I hope this message finds you well. As the discussion period is nearing its end with less than one day remaining, I wanted to ensure we have addressed all your concerns satisfactorily. If there are any additional points or feedback you'd like us to consider, please let us know. Your insights are invaluable to us, and we're eager to address any remaining issues to improve our work.

Thank you for your time and effort in reviewing our paper.

评论

W1.2: I see. I originally thought that the TLP will also be used during inference to force the output length of the MLLM to be exactly as the TLP predicts.

Thank you for the clarifications, I have no further questions. The rebuttal has resolved my concerns, and I will raise my rating to reflect this.

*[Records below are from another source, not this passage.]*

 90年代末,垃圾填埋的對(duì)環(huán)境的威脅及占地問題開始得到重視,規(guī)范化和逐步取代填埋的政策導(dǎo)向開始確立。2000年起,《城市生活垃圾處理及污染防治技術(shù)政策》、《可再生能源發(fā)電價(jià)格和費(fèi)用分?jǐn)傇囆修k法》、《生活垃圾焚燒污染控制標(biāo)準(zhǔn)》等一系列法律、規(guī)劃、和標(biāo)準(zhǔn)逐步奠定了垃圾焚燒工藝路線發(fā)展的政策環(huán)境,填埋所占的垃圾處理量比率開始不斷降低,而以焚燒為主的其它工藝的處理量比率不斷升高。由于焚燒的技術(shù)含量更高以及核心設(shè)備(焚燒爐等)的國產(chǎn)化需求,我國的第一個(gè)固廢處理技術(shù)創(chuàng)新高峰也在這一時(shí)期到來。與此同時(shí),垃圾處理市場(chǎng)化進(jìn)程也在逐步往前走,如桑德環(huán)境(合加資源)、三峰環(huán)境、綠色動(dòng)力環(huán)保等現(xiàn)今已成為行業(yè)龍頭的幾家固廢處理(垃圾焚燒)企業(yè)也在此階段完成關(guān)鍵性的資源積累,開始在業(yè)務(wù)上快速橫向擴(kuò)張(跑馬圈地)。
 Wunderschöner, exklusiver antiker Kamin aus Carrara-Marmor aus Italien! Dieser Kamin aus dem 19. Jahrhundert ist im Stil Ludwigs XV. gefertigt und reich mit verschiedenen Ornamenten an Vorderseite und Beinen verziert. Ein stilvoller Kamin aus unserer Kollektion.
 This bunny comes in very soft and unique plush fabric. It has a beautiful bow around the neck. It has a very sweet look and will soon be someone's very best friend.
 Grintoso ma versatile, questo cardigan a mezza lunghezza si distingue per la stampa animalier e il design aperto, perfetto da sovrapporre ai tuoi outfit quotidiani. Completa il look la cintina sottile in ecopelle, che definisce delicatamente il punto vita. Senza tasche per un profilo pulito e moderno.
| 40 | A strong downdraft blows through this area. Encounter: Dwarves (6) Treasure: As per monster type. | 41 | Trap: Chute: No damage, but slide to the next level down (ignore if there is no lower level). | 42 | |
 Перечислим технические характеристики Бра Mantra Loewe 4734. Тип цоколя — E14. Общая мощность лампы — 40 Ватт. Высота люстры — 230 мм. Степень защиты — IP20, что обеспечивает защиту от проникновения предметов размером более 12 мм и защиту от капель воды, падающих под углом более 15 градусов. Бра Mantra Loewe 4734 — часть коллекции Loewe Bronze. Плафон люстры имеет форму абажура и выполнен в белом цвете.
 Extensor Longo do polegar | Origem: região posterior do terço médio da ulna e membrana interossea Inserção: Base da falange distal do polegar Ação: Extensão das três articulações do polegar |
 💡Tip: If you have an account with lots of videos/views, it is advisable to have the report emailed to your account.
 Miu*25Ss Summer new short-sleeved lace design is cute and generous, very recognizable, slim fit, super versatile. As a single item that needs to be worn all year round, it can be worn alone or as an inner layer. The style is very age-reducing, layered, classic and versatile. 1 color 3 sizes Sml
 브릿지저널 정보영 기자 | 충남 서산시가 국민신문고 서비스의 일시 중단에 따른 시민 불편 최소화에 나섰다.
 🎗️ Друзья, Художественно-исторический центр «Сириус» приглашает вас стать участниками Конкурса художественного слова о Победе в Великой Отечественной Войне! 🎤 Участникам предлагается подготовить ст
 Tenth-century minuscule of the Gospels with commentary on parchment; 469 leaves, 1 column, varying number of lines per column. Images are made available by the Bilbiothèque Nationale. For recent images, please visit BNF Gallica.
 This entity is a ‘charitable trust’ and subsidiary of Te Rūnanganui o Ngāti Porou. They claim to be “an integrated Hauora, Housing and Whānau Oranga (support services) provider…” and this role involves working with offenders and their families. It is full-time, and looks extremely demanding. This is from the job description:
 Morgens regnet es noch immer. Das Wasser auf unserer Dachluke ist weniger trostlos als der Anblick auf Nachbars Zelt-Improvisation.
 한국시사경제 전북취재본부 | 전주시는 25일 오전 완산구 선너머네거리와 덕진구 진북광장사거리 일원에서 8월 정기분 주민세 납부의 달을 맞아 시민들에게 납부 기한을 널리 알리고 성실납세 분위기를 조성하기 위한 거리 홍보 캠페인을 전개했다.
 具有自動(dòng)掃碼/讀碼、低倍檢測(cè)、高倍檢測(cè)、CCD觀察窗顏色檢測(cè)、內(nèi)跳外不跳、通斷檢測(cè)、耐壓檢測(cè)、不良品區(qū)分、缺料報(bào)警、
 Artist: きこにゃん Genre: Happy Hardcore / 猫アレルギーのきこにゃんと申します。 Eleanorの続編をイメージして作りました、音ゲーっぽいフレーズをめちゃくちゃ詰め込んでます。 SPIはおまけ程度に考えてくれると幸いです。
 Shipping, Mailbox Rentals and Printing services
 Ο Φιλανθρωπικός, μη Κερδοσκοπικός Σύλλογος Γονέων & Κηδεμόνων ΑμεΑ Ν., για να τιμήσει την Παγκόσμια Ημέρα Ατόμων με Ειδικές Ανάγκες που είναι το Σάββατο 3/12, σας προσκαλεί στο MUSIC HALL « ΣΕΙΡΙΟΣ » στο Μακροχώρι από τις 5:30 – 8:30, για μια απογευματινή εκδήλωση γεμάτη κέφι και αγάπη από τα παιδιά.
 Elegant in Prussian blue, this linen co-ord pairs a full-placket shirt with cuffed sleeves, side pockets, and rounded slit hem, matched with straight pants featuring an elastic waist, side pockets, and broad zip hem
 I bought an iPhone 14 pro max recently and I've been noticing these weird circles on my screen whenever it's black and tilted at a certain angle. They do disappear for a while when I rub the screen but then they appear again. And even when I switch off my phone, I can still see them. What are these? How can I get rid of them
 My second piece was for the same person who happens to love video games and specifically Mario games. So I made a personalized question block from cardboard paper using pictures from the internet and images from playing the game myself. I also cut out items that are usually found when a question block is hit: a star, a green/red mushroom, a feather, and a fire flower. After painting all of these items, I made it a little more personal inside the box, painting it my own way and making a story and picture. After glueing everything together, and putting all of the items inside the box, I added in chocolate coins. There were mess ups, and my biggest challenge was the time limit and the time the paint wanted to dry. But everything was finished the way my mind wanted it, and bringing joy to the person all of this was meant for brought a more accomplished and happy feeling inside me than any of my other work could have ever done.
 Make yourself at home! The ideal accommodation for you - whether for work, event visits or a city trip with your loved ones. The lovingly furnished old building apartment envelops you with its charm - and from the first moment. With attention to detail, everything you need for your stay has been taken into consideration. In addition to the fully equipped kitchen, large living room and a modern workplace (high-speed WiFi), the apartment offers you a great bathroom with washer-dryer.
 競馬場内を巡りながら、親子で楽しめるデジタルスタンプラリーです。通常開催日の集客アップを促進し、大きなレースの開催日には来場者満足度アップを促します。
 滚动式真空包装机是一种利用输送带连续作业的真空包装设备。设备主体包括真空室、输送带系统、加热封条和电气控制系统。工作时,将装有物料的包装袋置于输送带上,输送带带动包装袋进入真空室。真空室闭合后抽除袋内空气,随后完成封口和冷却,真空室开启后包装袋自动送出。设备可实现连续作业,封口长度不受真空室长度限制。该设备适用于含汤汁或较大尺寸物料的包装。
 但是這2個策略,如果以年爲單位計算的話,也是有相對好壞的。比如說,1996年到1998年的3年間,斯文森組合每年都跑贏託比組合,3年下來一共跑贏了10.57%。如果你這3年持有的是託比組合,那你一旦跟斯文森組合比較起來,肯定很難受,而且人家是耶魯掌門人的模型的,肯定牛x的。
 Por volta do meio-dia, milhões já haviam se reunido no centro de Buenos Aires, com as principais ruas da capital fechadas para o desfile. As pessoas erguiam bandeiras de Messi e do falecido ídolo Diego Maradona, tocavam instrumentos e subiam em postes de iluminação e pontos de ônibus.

I would strongly suggest the authors to emphasize that results in Tables 2-7 are from the SFT stage, as well as incorporating the new ablation results in W1 and relevant discussions in the final revision.

评论

Dear reviewers,

For the reviewers who have not yet read the authors' rebuttal and the other reviews, please do so now. Per the NeurIPS guidelines, the reviewers must comment if the authors' response did or did not address their concern, and the reviewers cannot enter the "mandatory acknowledgment" before they have sent a comment on whether the authors' responses did/didn't address their concern.

Please read the reviews and rebuttal, let the authors know, and submit your final score accordingly. The NeurIPS chairs specifically directed the AC to ask you not to wait till the last moment for this in order not to defeat the purpose of the reviewer-author discussion period.

Thank you for your service!

-Area Chair

最终决定

The submission address tokenization in image generation and multimodal frameworks, specifically the fact that the tokens often (but not always) conform to a rigid and fixed length structure, irrespective of the content. They propose a tokenizer that utilizes an adaptive length, employing a token length predictor, a length regularizer, and a token chunking technique.

This is an important problem acknowledged by many in the community, with numerous parallel efforts underway. Despite that, all reviewers recognize that the submission has novel merits and vote for acceptance, though mostly with a borderline stance. The AC agrees and recommends acceptance.